翌日、俺は朝から事務所に来て資料を読んでいた。

水川先輩の淀みに関するものではなく、林田さんが今担当している浮気調査に関するものである。依頼主や奥さんのプロフィール、これまでの調査の記録など、一通り目を通しておいてくれと逆村さんから言われていた。

今日はこれから林田さんが依頼主の奥さんを尾行する予定なのだが、俺はそれを手伝うことになっているのである。

これまでの記録を読んでみると、奥さんの浮気はほぼ確定的だ。
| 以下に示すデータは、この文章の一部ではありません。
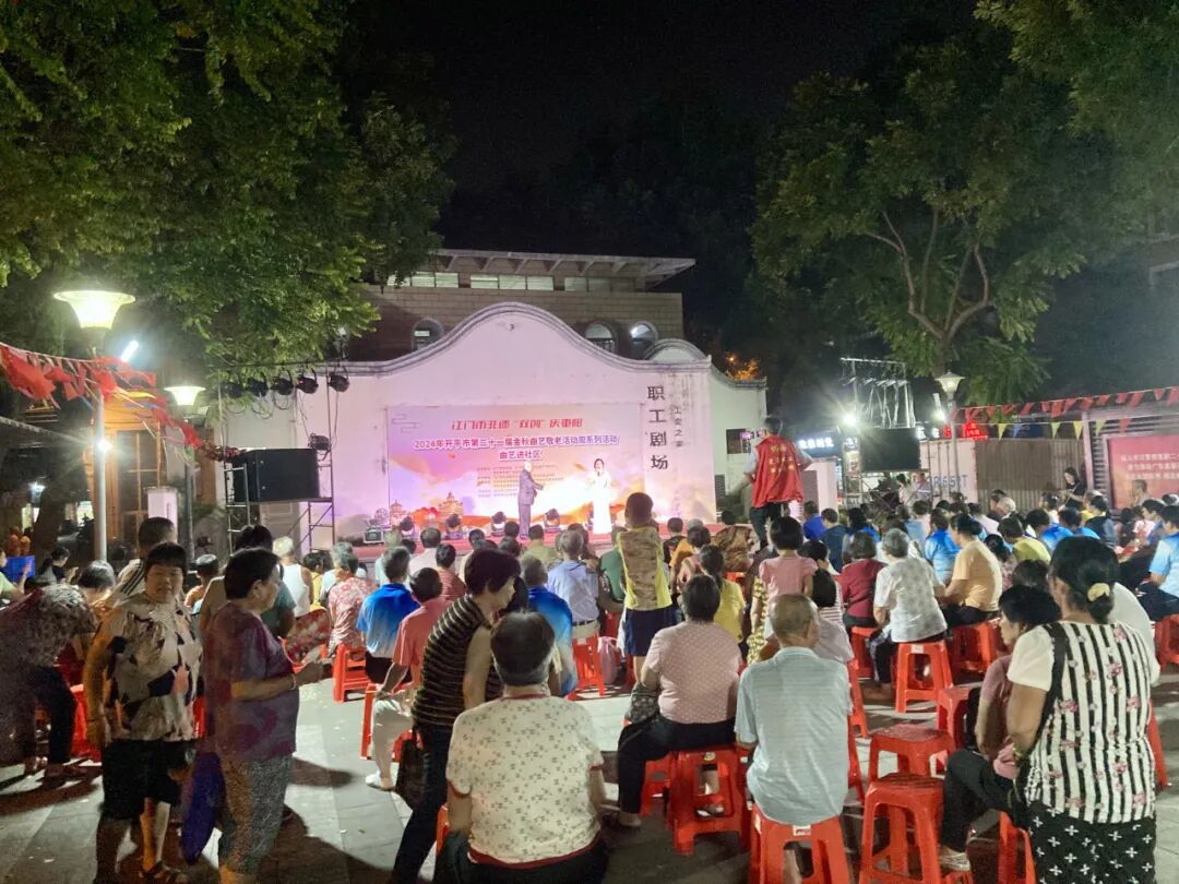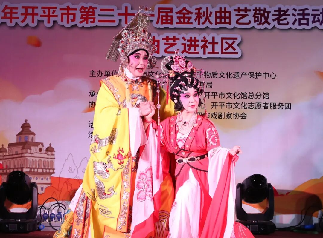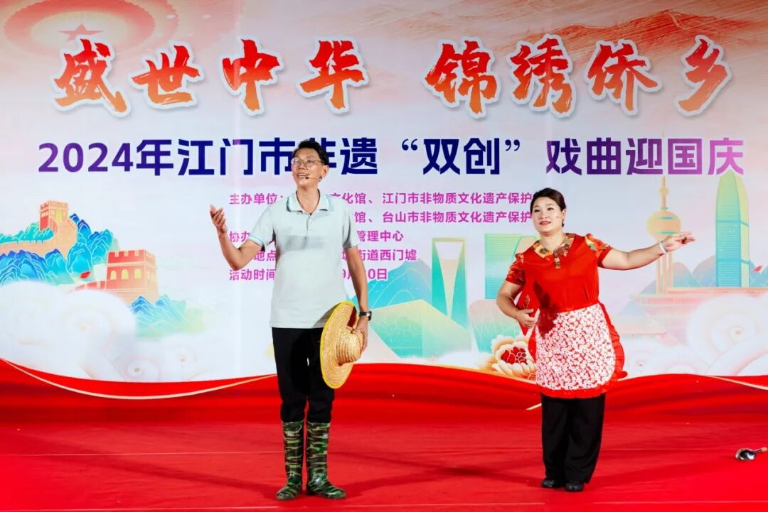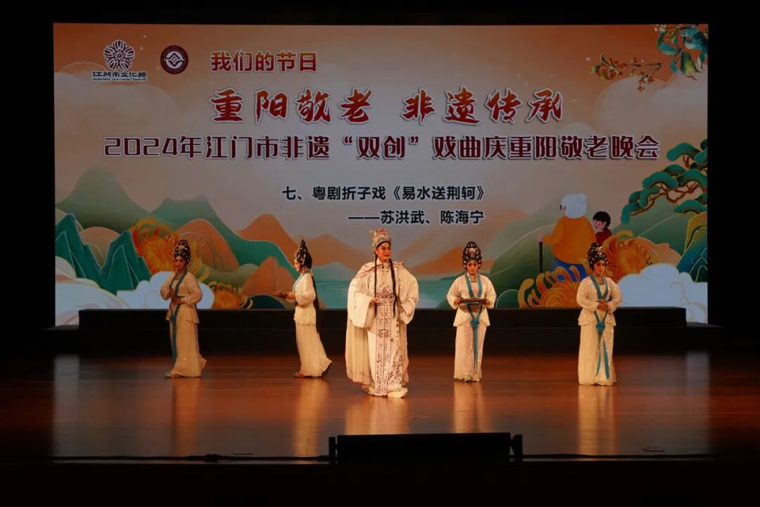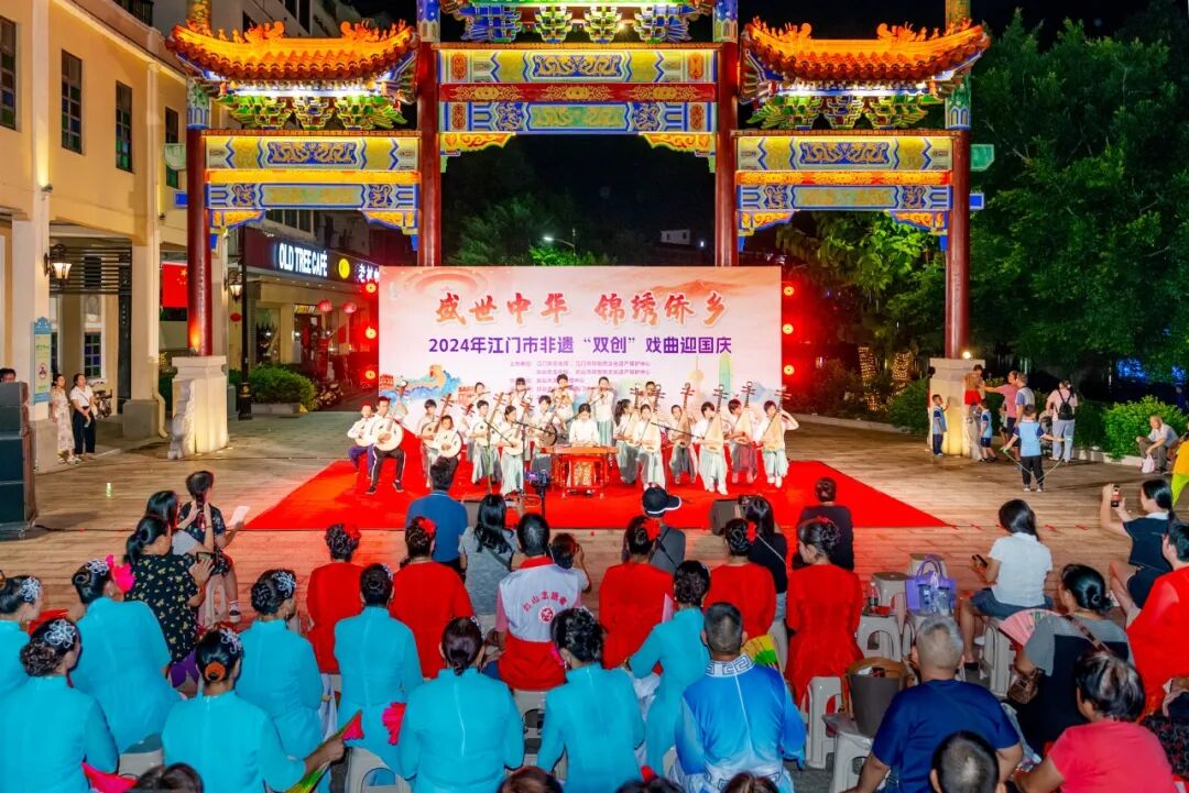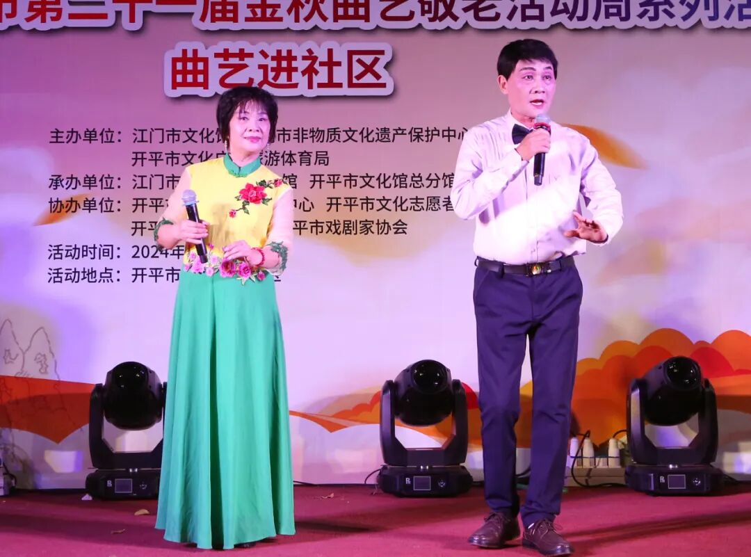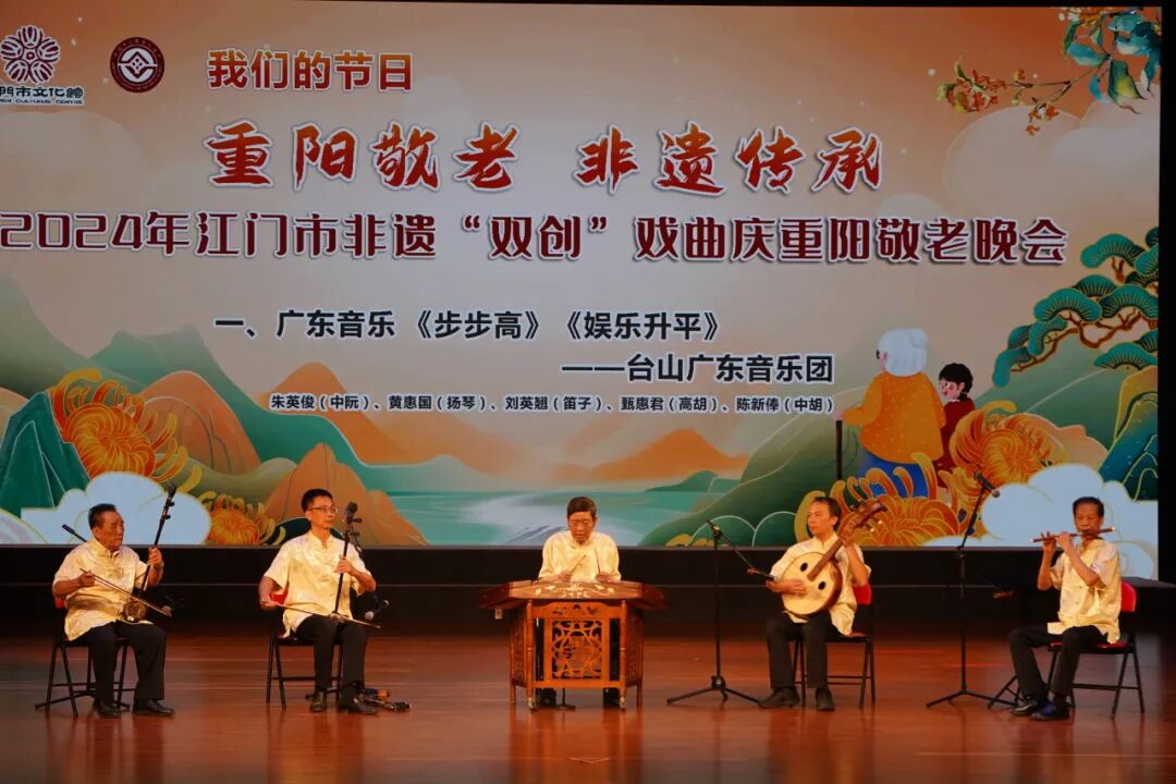10月11日晚,由江门市文化馆、江门市非物质文化遗产保护中心主办的2024年江门市非遗“双创”戏曲庆重阳敬老晚会在江门市文化馆文化剧场璀璨上演。演出呈现了广东音乐《步步高》《娱乐升平》,开平民歌表演唱《碉楼之乡欢迎您》《祈祷歌》,原创粤曲独唱《岭海风流》选段,粤曲对唱《七月七日长生殿》选段,粤曲对唱《柳毅传书之花好月圆》选段等精彩节目。
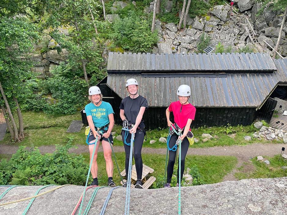 Og ingen i gruppa vår hadde tidligere rappellert, så her er det en jobb å gjøre tenkte vi. Men med hjelm på hodet, klatresele rundt liver, rykkdemper og doble tau lente vi oss forsiktig bakover og utover testfjellveggen. Det å oppleve at alt holder, og at man selv har kontroll på hastigheten nedover, er en fantastisk følelse. Instruktørene var meget gode og ga oss alle troen på at dette var mulig å få til. For en start! Vi var klare for klatring.

今日の尾行の目的はその決定的な証拠を手に入れることらしい。

「おはようございまーす」

玄関の方から声がした。林田さんがやって来たようだ。

「あ、凪島さん、おはようございます。早いですね」

「おはよう。……んん?」

背後から声をかけられたので振り向くと、そこには確かに林田さんが立っていたのだが、その服装が普段とまるで違うパリッと決められたパンツスーツ姿だったので、驚いて変な声を出してしまった。

「どうかしました?」

「いや、そういう格好もするんだなぁって思って」

「あぁ。さすがに尾行するときにいつもの格好じゃ目立って仕方ないですからね。仕事で外に出るときは控えめな服にしてますよ」

「そりゃそっか」

「これもこれで気に入ってますけどね」

そう言ってから眼鏡をくいっと持ち上げる。演出が過ぎる気もしたが、確かに様になっている。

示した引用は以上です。